The BDD Tool also takes the pressure off business stakeholders, as they don’t have to craft perfect BDDs right from the get-go. They can rely on developers to enrich the details when they’re translating the BDDs into code — that’s when the finer points truly come to light. All the while, business stakeholders stay in the loop by reviewing the feature files stored in the repo.

From my experience, this revised process makes it writing BDDs as easy as writing unit tests!

3. BDD Recap

Let’s do a quick BDD recap, and then create some BDDs for a real example app that I’ll provide in both React Native and Flutter.

Behavior-Driven Development (BDD) fosters an environment where teams employ conversation and specific examples to create a mutual understanding of the intended features of an application. This approach aligns closely with the principles of Specification by Example and Acceptance Tests, all of which can be implemented with the present BDD Tool.

BDD serves multiple purposes: It can be used as both acceptance tests and integration tests, ensuring that the developed software meets the customer’s requirements. It provides explicit guidance for developers, detailing what needs to be done. Similarly, it instructs testers on precisely what to test, and offers business stakeholders a clear expectation of the end results.

A key aspect of BDD is writing test cases in a natural language that non-programmers and domain experts can read.

The “Gherkin language” is not obligatory, but is frequently used for writing BDD test cases. Gherkin is a domain-specific language that allows you to write your tests in a way that can be easily read and understood.

A typical BDD written in Gherkin has the following structure:

  1. Feature: A high-level business or product requirement
  2. Scenario: A business rule that the system should fulfill
  3. Given: The initial context at the beginning of the scenario
  4. When: An event that occurs during the scenario
  5. Then: The expected outcome

For instance:

Feature: User Authentication
Users should be able to log in and log out

Scenario: Successful Login
Given I am on the Login Screen.
When I enter a valid username and password.
Then I should be taken to the Home Screen.

Scenario: Failed Login
Given I am on the Login Screen.
When I enter an invalid username and password.
Then I should see an error message.

This format is highly readable, and business stakeholders will be able to understand what’s going on. This is a fundamental benefit of BDD, since it allows everyone involved to have a clear understanding of the system’s behavior and expectations.
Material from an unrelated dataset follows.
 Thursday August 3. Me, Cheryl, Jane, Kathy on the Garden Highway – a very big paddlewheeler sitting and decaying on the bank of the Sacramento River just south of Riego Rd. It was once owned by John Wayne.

It’s very important the fact that BDDs are executable. In other words, they have some associated TypeScript/JavaScript code that actually runs the test and marks them green (passed) or red (failed). Because of that:

  • BDDs serve as a documentation for the system’s behavior that’s highly unlikely to become outdated, unlike traditional documentation. This means the need for other documentation of your software is greatly reduced.
  • BDDs prevent regression, making sure the program is doing what’s necessary, and will keep like that in the future.
  • BDDs allow for test-driven development (TDD), where you write the BDDs first, and then write the code to make them pass (although it’s not obligatory that you develop with TDD).
  • BDDs help you refactor the code, as you can be sure that the system is still working as expected after you make changes.
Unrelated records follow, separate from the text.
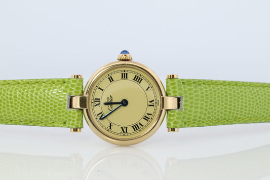 Genuine Cartier Watch. Must de Cartier Vendome Round Argent Vermeil White Face
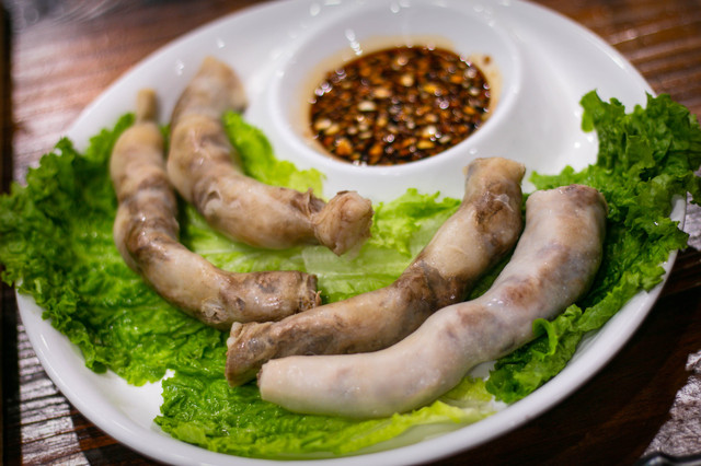 血肠肉肠拼盘:非常双面的一道菜,喜欢的人会非常喜欢,不喜欢的估计看到都难受。
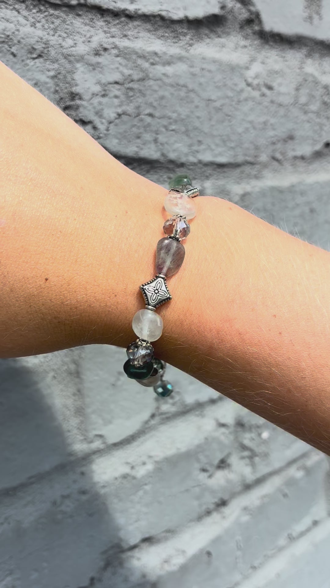 - The bracelet includes fluorite stones in shades of purple, green, and pink
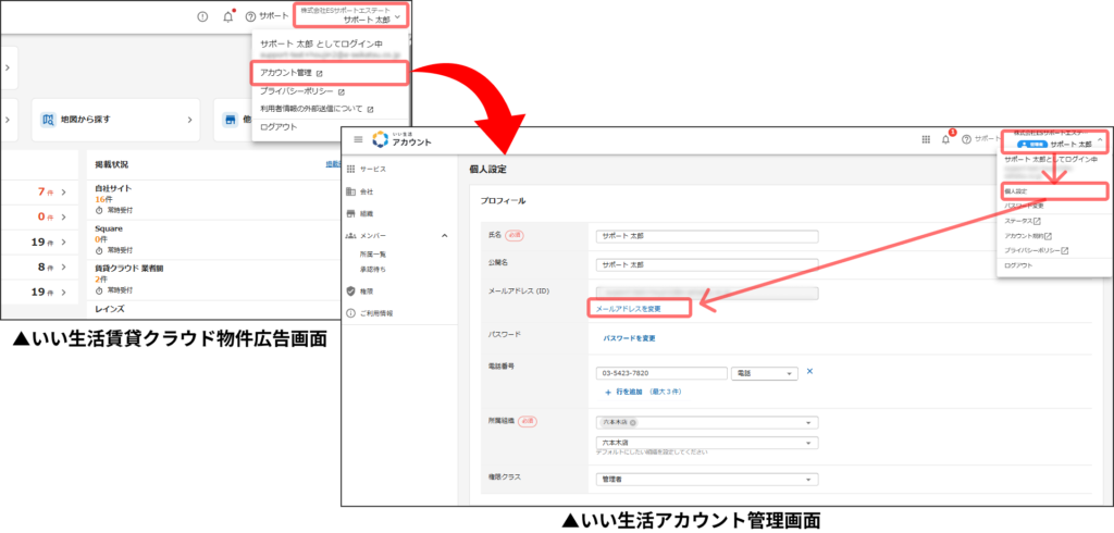 いい生活 賃貸クラウド物件広告 右上 アカウント名>アカウント管理>いい生活アカウントの管理画面より

Writing good BDDs involves clear and concise communication. Test scenarios should be understandable, unambiguous, and provide a clear distinction between the Given, When, and Then steps.

In addition, good BDDs should be independent, meaning they should not rely on the state from other BDDs or require them to run in a specific order. They should also be written at a level of detail that provides sufficient information without becoming overly complex.
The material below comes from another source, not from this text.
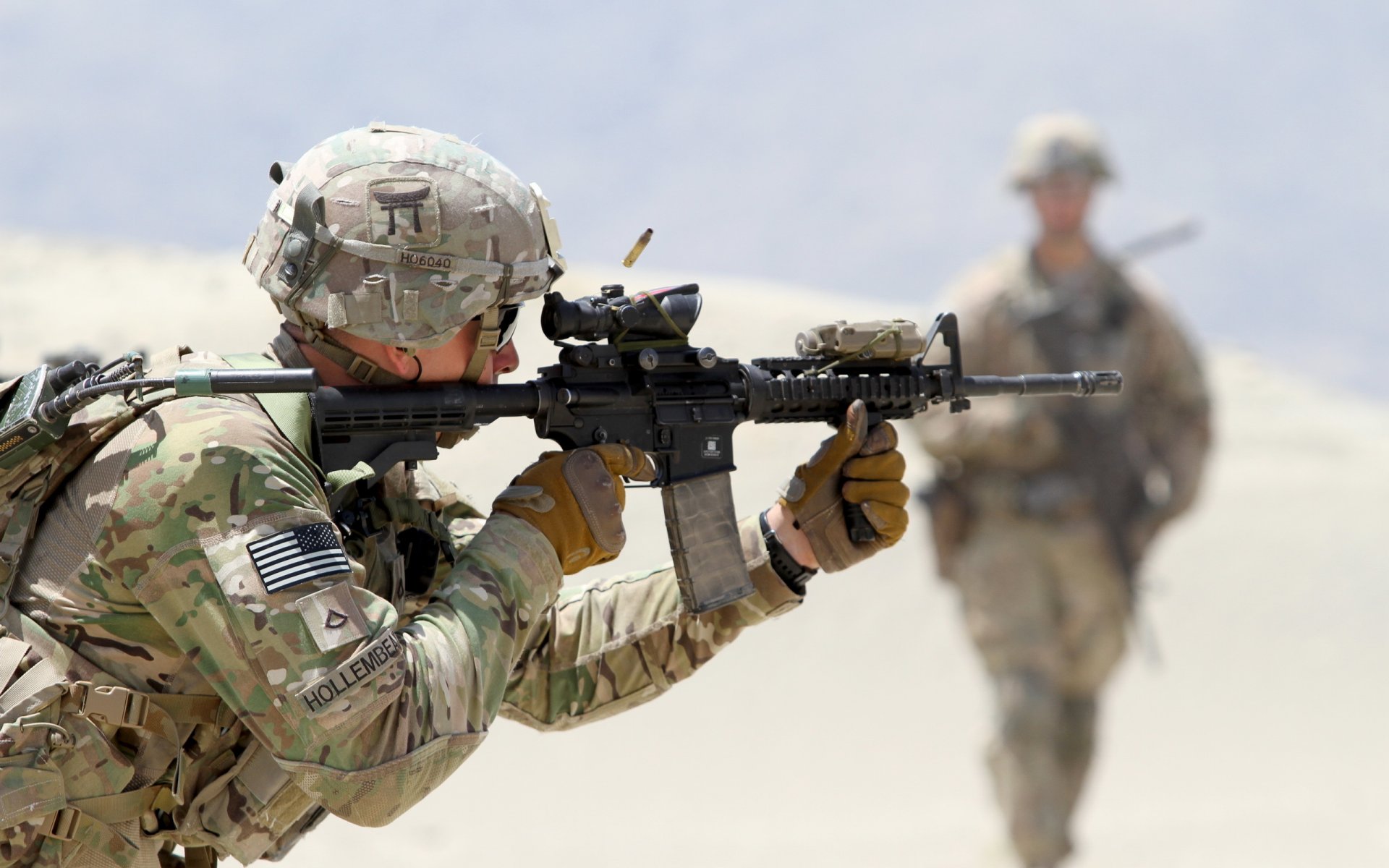 Soldados con armas. Disparos, ejército

Remember, the main idea of BDD is to clarify what should be done before you start coding. This way, you ensure that you’re building the right thing, and you can use your BDD scenarios as a guide and validation tool throughout the development process.

4. Practical advice

The BDD tests should reflect what the system does, not how it’s done. In special, you should avoid specifying behavior through UI interactions. For example, the following is bad, as it talks about text fields and buttons:

Given I am on the Login Screen.
When I click the first text field and type a valid username and password,
And I click the blue login button.
Then The Home Screen swipes in from the right to the left of the screen.

UI changes all the time, and demands component tests (in React) and widget tests (in Flutter), which are harder to implement. Also, UI is defined by the designer, not the business stakeholders or the developer. So, it’s better to avoid UI in BDDs.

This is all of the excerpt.